Life begins with questions . . . and ends with even more questions. Quo vadis? Wither goest thou?

We need to ask ourselves this question in order to preserve, protect, and promote the well-being of generations to come.

If we continue on our present path, there is a real danger of us enjoying the dubious distinction of being the first generation to annihilate ourselves . . . and our planet! Our irresponsible thoughts, decisions, and actions can have cataclysmic effects.

Whether it is ascending temperatures on our planet, or ascending temperatures within ourselves, we are on a parallel path to destruction. Instead of whining “Something must be done,” we must state, “I must do something!”

We need to exhibit self-leadership . . . towards the best interests of humankind. It will multiply into a fresh consciousness, one worthy of us dispensing love and light across the planet.

A shortage of fuel is not as critical as a shortage of wisdom! The time for burying our heads in the sand has run out. Deadlines have all too often become lines of the dead!

Our associations, internal and external, must lead us from harm to harmony. A sustainable planet requires not just economic prosperity, but also social justice and environmental well-being. These critical factors are known as “The Triple Bottom Line.”

We owe much to the Children of the Third Millennium: we are guilty of being the first generation in the history of human evolution to have robbed exponential amounts of their future. Either we move ahead, or stay dead.

The future calls upon us to learn how to learn, so that such education can trump warfare! Brain force will then have replaced brute force.

What’s to be done? Here is a capsule summary of action points that will inspire epiphanic transformations within us:

VOID: stay open, surrender to a state of vulnerability, unblocked, so that resources can flow into you; much as a vacuum attracts elements to it with great force.

ALIGN: stay aligned with the forces of nature, much as a sailor follows the wind and the current in order to get to her destination. Nature, in order to be commanded, must be obeyed.

ASK & QUESTION: Declare your needs, seek answers via insightful questions, born of commitment. Once your situation is out in the open, forces will mobilize in your favour.

EXPAND & MAXIMISE: Use every resource that is relevant to your growth as a child of Divinity. Not every growth leads to development: a garbage heap may grow, but it is not developing; you may be developing, but no longer growing. Aim to grow and develop by using all your resources boldly, intelligently, generously.

GIVE: become a conduit for goodness; whatever flows into you will multiply if you allow it to flow out of you with interest!

STAY GROUNDED & CONNECTED: The past is no more, the future is not yet. Stay in the present, grounded and connected to immediate realities. You can then guide your present good intentions towards future great outcomes.

VISUALISE YOUR VISION: Form and function follow thought and feeling. When you visualize your vision, using every sense in your being, you have closed the gap between present and future; what transpires becomes predetermined, in your favour.
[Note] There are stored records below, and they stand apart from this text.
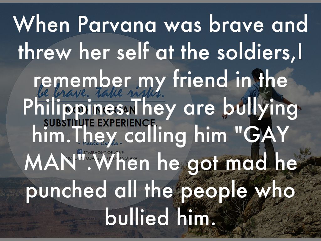 When Parvana was brave and threw her self at the soldiers,I remember my friend in the Philippines.They are bullying him.They calling him "GAY MAN".When he got mad he punched all the people who bullied him.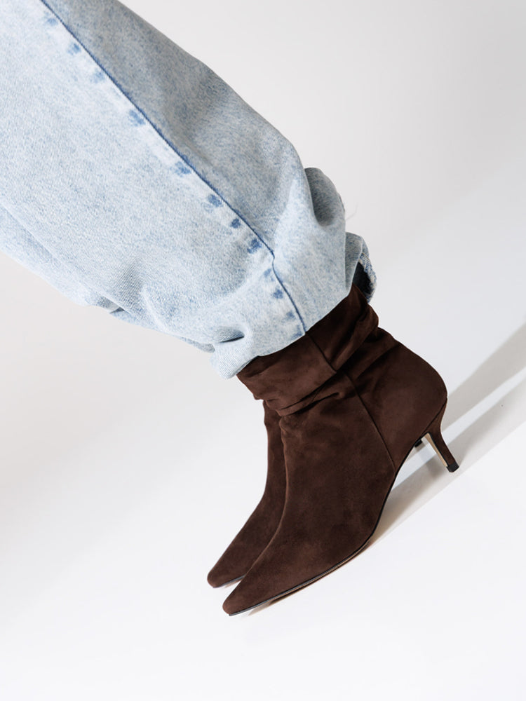 STELLA CD72 Cizme scurte drepte, piele intoarsa, toc cui mic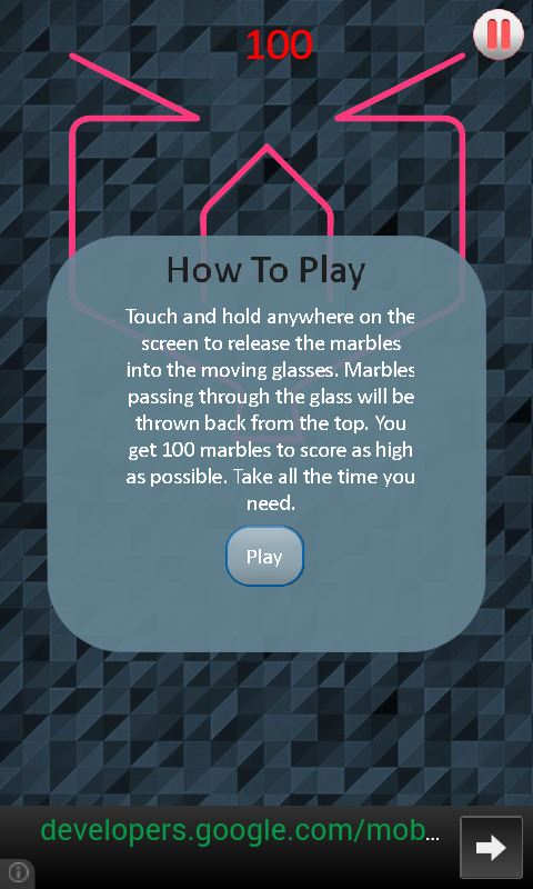 The goal of the game is to fill moving cups with falling marbles by opening the gate of the pot by touching on the screen. For each marble you manage to get through the glass you're rewarded with a different amount of points, depending on its color. If the marbles misses the glass, it disappears.

GRATITUDE: express gratitude on a continual basis for the good and the bad that might have come your way. Good days bring forth a good mood, but bad days should challenge you to bring forth an even greater mood. Lead from your heart, and your mood will stay resurgent.

ACT to ACTIVATE: As you visualize your vision, so must you live your vision, as if it were real: metaphysical becomes physical. Becoming becomes being!
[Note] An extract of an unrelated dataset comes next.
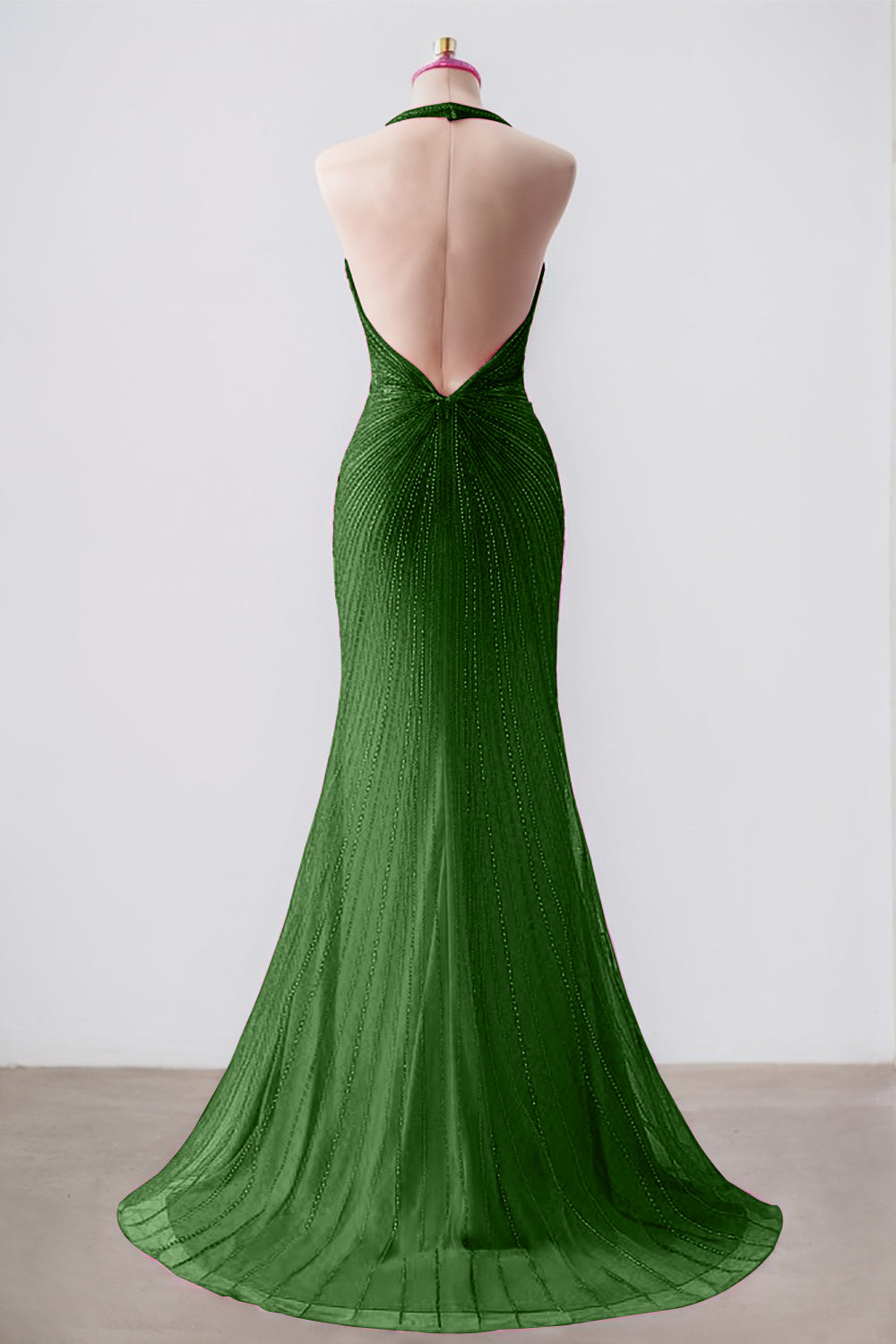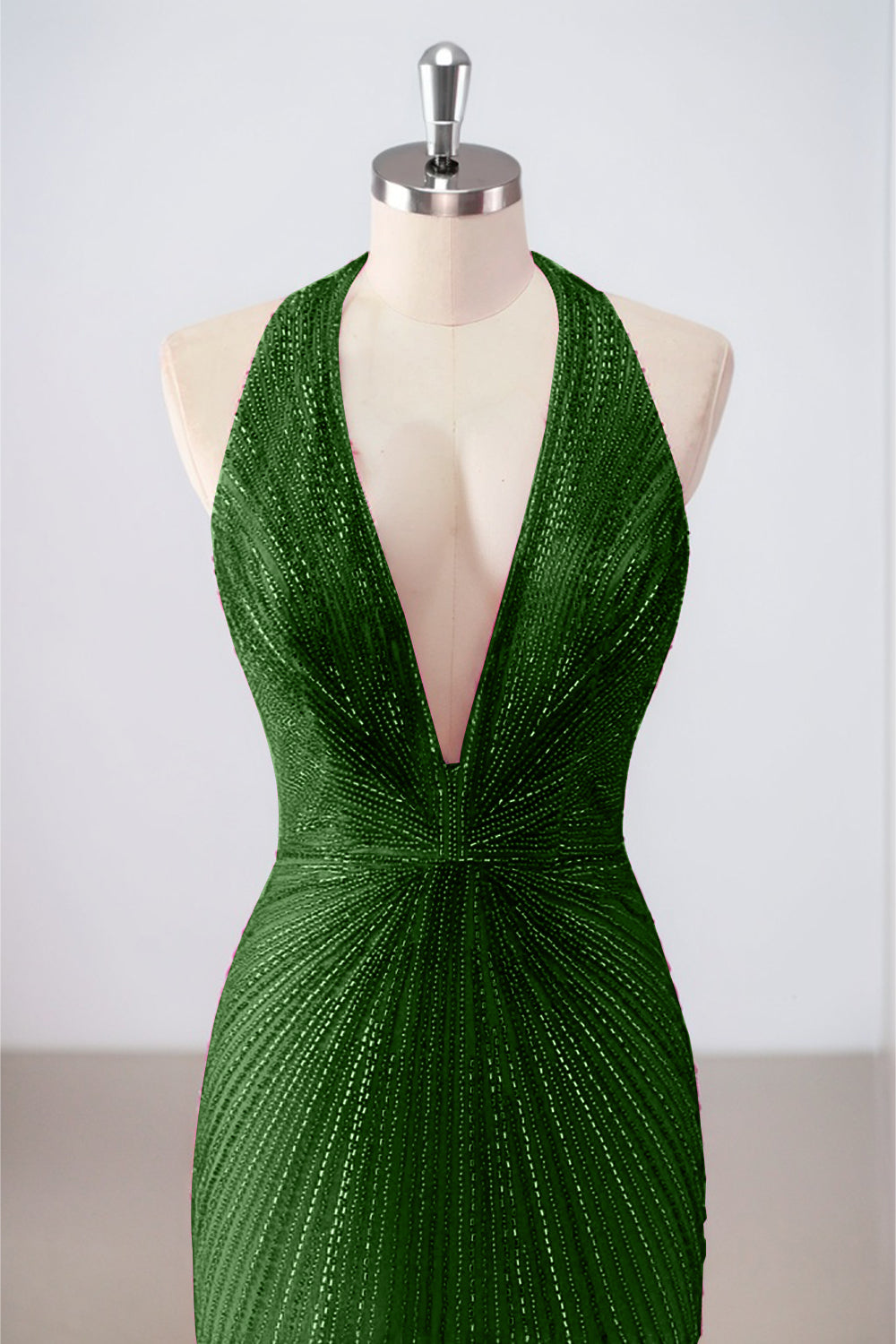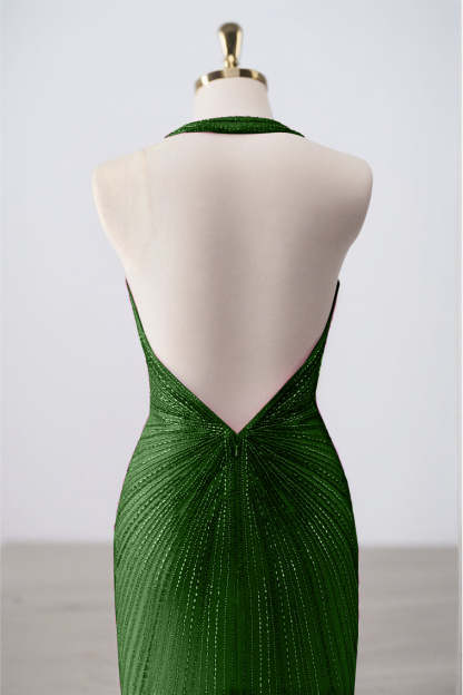 Sparkly Dark Green Mermaid Halter Deep V Neck Long Prom Dress with Slit

ENGAGE & RECIRCULATE: Our cosmos is systemic; the currents of life are meant to circulate, not stagnate. Once you engage, aim not to be static (like a puddle) but dynamic (like a raging river). Movement generates movement, and what you give out will come back amplified.
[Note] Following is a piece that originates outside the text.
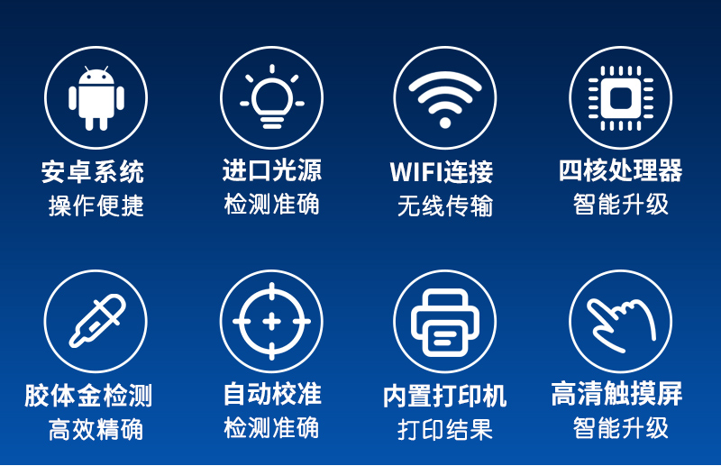 | 1、安卓智能操作系統,采用更加**和人性化操作,儀器具有網線連接、wifi聯網上傳、GPRS無線遠傳功能,快速上傳數據。 | 2、智能化程度高,儀器具有自檢功能:具有開機自檢和調零功能,具有自動檢測重復性功能。 | 3、新一代高速熱敏打印機,檢測完成可自動打印檢測報告和二維碼。 | 4、儀器帶有監管平臺,數據可局域網和互聯網數據上傳,檢測結果直接傳至食品安全監管平臺。進行區域食品安全監管及大數據分析處理與數據統計,檢測區域食品安全長短期動態,達到食品安全問題預估、預警 | 5、一體化主機,包含食品安全檢測模塊、多通道農藥殘留檢測模塊、膠體金免疫層析檢測模塊。 | 6、一體化便攜式快檢設備,滿足現場及流動檢測使用需求,能夠在同一軟件下實現所有檢測項目的檢測,并可通過同一窗口直觀顯示檢測結果。 | 7、膠體金模塊檢測方式:軌道式自動傳輸掃描,檢測完成后自動退出檢測卡。 | 8、CT線自動識別,無需手動調整。 | 9、儀器具有品類多種類樣品菜單庫,可靈活選擇檢測樣品,不同的檢測通道可同時檢測不同的樣品項目。 | 10、樣品處理簡單省力,整體操作快速、安全、便捷。 | 11、儀器具有自身保護功能,可設置用戶名及密碼,防止非工作人員操作等。 | 12、高靈敏度,高檢測精度,高重復性精度,掃描式高精度光學傳感器。 | 13、內置強大的數據庫,可在儀器上直接選擇樣品名稱、檢測指標、送檢單位等信息,也可在儀器上直接編輯錄入樣品名稱、檢測指標、送檢單位等信息并保存進樣品數據庫。 | 14、儀器具有重新校準、鎖定、恢復出廠設置功能。 | 15、結果判定線可修改,對照值標定值可保存,斷電不丟失數據。 | 16、兼容市場上所有的膠體金卡,使用耗材不受限制,極大增強用戶使用體驗。 |

RECEIVE: In order to keep the circulatory circuit alive, do not just give; be equally open to receive, in order to give back more!

RECYCLE & REVITALISE: There is no waste in nature; thus, stay natural, use and recycle your resources so as to stay continually vitalised, and revitalised.

The arrow of time is a key, headed towards its lock: when opened, we shall awaken, and a new world will have come into being.